Hutchinson Trace Estimation

This example illustrates the estimation the Hessian trace of a neural network using Hutchinson’s method [Hutchinson, 1990], which is an algorithm to obtain such an an estimate from matrix-vector products:

\[\text{Let } A \in \mathbb{R}^{D \times D} \text{ and } v \in \mathbb{R}^D \text{ be a random vector such that } \mathbb{E}[vv^T] = I. \text{Then,}\]

\[\mathrm{Tr}(A) = \mathbb{E}[v^TAv] = \frac{1}{V}\sum_{i=1}^{V}v_i^TAv_i.\]

We will draw v from a Rademacher Distribution and use Hessian-free multiplication. This can be done with plain autodiff, but note that there is no dependency between sampled vectors, and the Hessian-vector product (HVP) could in principle be performed in parallel. We can use BackPACK’s HMP (Hessian-matrix product) extension to do so, and investigate the potential speedup.
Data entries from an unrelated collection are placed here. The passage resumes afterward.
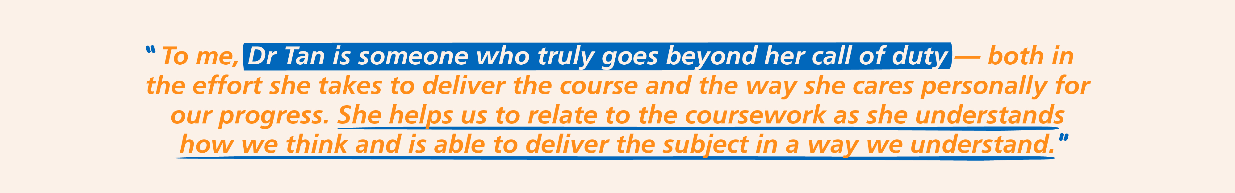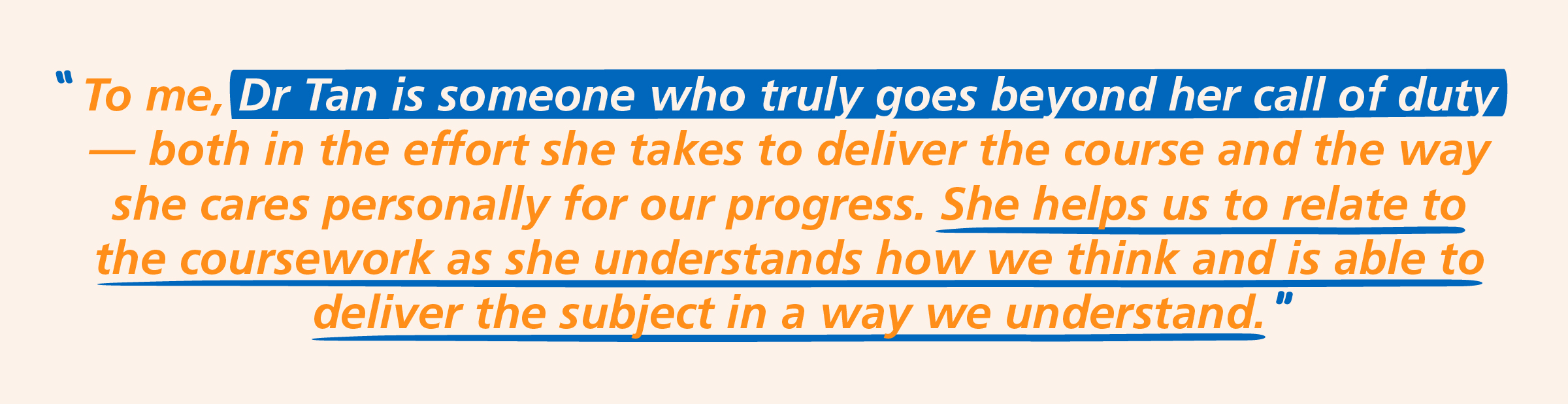 Zi Ang also encountered many dental instructors who have refined his understanding of the field of dentistry, and was particularly grateful to Dr Tan Ming Yi who specialises in prosthetic dentistry.
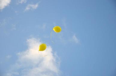 Keywords: blue sky balloons two air colorful sky yellow yellow balloon
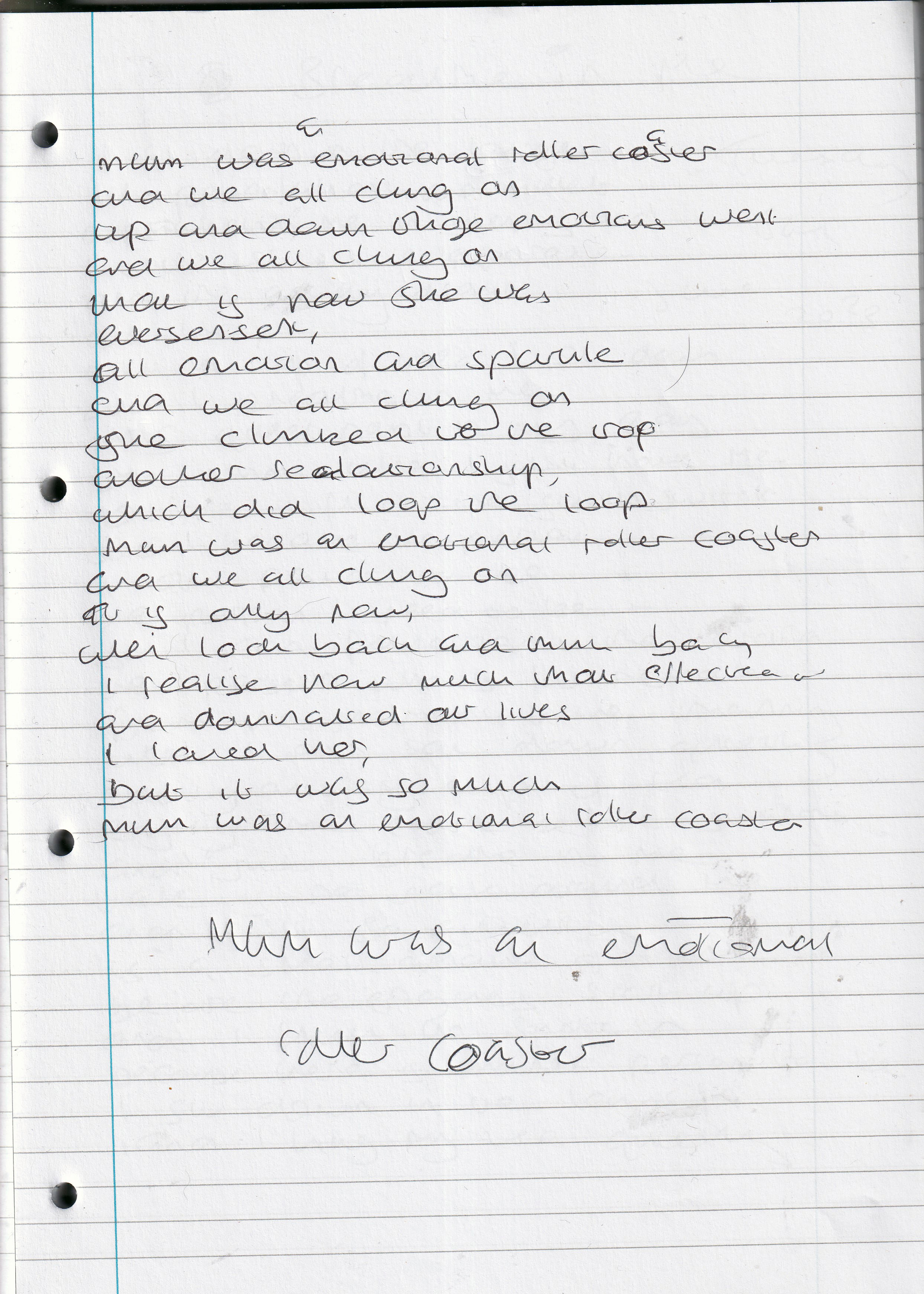 Mum Was a Rollercoaster – Written May 2023 (Aged 48)

Let’s get the imports and define what a Rademacher distribution is

import time

import matplotlib.pyplot as plt
import torch

from backpack import backpack, extend
from backpack.extensions import HMP, DiagHessian
from backpack.hessianfree.hvp import hessian_vector_product
from backpack.utils.examples import load_one_batch_mnist

BATCH_SIZE = 256
DEVICE = torch.device("cuda:0" if torch.cuda.is_available() else "cpu")

torch.manual_seed(0)


def rademacher(shape, dtype=torch.float32, device=DEVICE):
    """Sample from Rademacher distribution."""
    rand = ((torch.rand(shape) < 0.5)) * 2 - 1
    return rand.to(dtype).to(device)

Creating the model and loss

We will use a small NN with 2 linear layers without bias (for a bias of size d, the exact trace can be obtained in d HVPs).
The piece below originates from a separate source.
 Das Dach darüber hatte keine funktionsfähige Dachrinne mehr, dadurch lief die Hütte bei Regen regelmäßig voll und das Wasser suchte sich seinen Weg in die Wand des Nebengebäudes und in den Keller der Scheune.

model = torch.nn.Sequential(
    torch.nn.Flatten(),
    torch.nn.Linear(784, 20, bias=False),
    torch.nn.Sigmoid(),
    torch.nn.Linear(20, 10, bias=False),
).to(DEVICE)
model = extend(model)

loss_function = torch.nn.CrossEntropyLoss().to(DEVICE)
loss_function = extend(loss_function)

In the following, we load a batch from MNIST, compute the loss and trigger the backward pass with(backpack(..)) such that we have access to the extensions that we are going to use (DiagHessian and HMP)).
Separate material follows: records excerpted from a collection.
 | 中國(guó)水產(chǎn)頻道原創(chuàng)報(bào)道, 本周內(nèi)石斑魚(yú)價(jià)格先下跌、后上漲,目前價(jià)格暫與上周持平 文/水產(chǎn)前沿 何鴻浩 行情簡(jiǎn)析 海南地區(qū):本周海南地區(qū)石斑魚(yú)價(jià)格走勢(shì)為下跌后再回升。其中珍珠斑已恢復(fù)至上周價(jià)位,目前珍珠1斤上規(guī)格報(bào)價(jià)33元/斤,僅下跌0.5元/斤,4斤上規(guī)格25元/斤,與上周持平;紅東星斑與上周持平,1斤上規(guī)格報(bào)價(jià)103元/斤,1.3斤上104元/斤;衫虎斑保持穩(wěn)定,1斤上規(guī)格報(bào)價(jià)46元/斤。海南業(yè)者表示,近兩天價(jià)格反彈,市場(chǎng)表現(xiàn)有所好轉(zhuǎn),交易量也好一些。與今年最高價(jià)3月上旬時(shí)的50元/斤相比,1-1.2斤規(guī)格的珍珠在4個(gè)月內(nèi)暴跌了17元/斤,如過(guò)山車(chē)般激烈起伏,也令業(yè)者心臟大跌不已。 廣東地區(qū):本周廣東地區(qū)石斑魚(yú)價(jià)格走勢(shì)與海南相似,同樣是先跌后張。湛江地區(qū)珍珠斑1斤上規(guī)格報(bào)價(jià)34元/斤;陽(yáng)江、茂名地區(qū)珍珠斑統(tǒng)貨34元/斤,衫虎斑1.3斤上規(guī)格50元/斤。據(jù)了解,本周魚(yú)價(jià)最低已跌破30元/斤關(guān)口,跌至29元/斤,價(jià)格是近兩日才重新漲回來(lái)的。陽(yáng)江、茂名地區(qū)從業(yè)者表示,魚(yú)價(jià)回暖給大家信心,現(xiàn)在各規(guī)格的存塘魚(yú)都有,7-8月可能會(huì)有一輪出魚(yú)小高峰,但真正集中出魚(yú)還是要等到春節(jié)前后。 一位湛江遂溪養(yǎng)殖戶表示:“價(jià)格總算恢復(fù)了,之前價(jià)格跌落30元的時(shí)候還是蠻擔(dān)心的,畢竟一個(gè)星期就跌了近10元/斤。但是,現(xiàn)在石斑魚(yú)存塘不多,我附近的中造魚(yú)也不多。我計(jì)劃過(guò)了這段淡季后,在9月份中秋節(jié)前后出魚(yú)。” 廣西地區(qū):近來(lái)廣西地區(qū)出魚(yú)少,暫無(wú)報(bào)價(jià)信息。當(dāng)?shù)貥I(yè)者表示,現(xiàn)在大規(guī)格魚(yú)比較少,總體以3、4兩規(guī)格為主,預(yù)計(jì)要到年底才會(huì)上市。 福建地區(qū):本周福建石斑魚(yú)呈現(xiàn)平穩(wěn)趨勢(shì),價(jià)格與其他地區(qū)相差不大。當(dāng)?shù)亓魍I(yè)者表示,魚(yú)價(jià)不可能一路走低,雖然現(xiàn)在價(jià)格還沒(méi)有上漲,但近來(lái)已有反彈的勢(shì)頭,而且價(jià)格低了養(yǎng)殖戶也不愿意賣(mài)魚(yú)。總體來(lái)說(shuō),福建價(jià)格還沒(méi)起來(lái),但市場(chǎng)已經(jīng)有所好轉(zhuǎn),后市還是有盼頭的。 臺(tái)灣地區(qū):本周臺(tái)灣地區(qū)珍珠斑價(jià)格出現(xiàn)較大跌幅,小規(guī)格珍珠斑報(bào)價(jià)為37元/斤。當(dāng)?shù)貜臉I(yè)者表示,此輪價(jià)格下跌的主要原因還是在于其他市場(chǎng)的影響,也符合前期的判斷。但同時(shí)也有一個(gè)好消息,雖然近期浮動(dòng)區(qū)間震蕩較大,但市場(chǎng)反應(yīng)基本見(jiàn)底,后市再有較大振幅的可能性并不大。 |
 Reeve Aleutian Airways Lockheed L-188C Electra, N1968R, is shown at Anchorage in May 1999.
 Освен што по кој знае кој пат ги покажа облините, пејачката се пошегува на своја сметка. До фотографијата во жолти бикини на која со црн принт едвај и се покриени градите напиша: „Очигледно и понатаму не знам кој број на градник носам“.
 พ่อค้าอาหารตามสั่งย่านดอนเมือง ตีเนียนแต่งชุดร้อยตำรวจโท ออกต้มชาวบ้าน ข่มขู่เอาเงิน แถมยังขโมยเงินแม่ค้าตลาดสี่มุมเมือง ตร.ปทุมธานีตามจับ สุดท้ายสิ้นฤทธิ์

x, y = load_one_batch_mnist(BATCH_SIZE)
x, y = x.to(DEVICE), y.to(DEVICE)


def forward_backward_with_backpack():
    """Provide working access to BackPACK's `DiagHessian` and `HMP`."""
    loss = loss_function(model(x), y)

    with backpack(DiagHessian(), HMP()):
        # keep graph for autodiff HVPs
        loss.backward(retain_graph=True)

    return loss


loss = forward_backward_with_backpack()

/home/docs/checkouts/readthedocs.org/user_builds/backpack/checkouts/master/docs_src/examples/use_cases/example_trace_estimation.py:81: UserWarning: Full backward hook is firing when gradients are computed with respect to module outputs since no inputs require gradients. See https://docs.pytorch.org/docs/main/generated/torch.nn.Module.html#torch.nn.Module.register_full_backward_hook for more details.
  loss.backward(retain_graph=True)

Exact trace computation

To make sure our implementation is fine, and to develop a feeling for the Hutchinson estimator quality, let’s compute the exact trace by summing up the Hessian diagonal.

def exact_trace():
    """Exact trace from sum of Hessian diagonal."""
    param_trace = [p.diag_h.sum().item() for p in model.parameters()]
    return sum(param_trace)


print("Exact trace: {:.3f}".format(exact_trace()))

Exact trace: 12.455

Trace estimation (BackPACK’s `HMP`)

BackPACK’s HMP extension gives access to multiplication with the parameter Hessian, which is one diagonal block in the full Hessian whose trace we want to estimate. The multiplication can even handle multiple vectors at a time. Here is the implementation. The computation of V HVPs, which might exceed our available memory, is chunked into batches of size V_batch.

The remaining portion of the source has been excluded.